Verification should match the library’s public promises

A reusable library needs stronger verification discipline than a leaf application component because callers cannot inspect all of your assumptions. Tests should therefore map directly to public promises.

If the library guarantees stable parsing behavior for a documented format version, keep fixture-based contract tests. If it guarantees that malformed input returns structured failures without undefined behavior, run fuzzing and sanitizers on the public parse entry points. If it claims bounded allocations under certain modes, benchmark or instrument that claim. If it exposes host-provided diagnostics, test that the sink receives stable event categories rather than implementation chatter.
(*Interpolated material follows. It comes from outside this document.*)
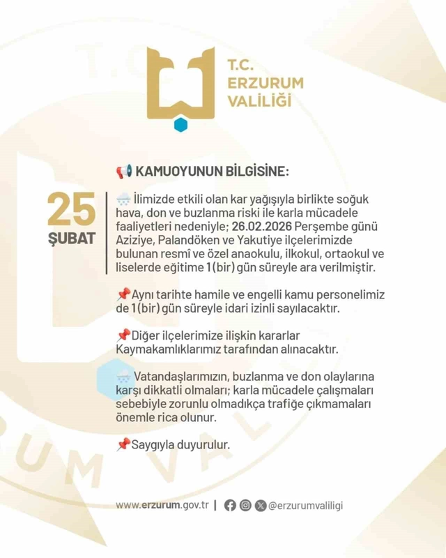 Erzurum Valisi Aydın Baruş, sosyal medya hesabı üzerinden yaptığı paylaşımda kararın detaylarını kamuoyuna duyurdu. Baruş, "26.02.2026 Perşembe günü Aziziye, Palandöken ve Yakutiye ilçelerimizde bulunan resmî ve özel anaokulu, ilkokul, ortaokul ve liselerde eğitime bir gün süreyle ara verilmiştir" ifadelerini kullandı.

This is also where compatibility checks belong. If source compatibility across minor versions is part of the promise, keep integration tests or sample clients that exercise old call patterns. If ABI matters, test produced artifacts in a way that actually checks symbol and layout expectations. “It still compiled on my machine” is not a compatibility policy.

Know when not to build a library yet

Teams often create shared libraries too early. If only one application uses the code, if the domain vocabulary is still moving weekly, or if the supposed reuse is mostly organizational aspiration, forcing a stable public surface can freeze bad assumptions into place. Sometimes the right answer is to keep the component internal until the contract stabilizes.

This is not an argument against reuse. It is an argument for charging the real cost of public APIs. Once other teams depend on the library, changing semantics, ownership, or error policy becomes much more expensive than changing internal code. Reuse is valuable when the problem and contract are mature enough to deserve that cost.

Takeaways

A good reusable C++23 library makes a narrow promise, encodes ownership and invariants directly in public types, keeps failure shape stable, exposes only a few deliberate customization seams, and states versioning and performance claims honestly. It should minimize dependency drag and make adoption decisions easy for experienced callers.

The tradeoffs are the usual ones but paid more explicitly than in applications. Richer signatures can look less elegant. Stable error categories require translation. ABI-aware design limits public template freedom. Narrow seams require discipline about what not to customize. Those are acceptable costs because a library is a long-lived contract, not just a pile of reusable code.

Review questions:

  • What narrow promise does this library make, and what important responsibilities does it explicitly refuse?
  • Which public types communicate ownership, lifetime, and invariants without hidden assumptions?
  • Is the public error surface small, stable, and actionable for callers?
  • Which customization seams are genuinely necessary, and which dependencies should be pushed behind adapters instead of into public headers?
  • What compatibility promise is actually being made: source, ABI, serialized format, semantic behavior, or some combination?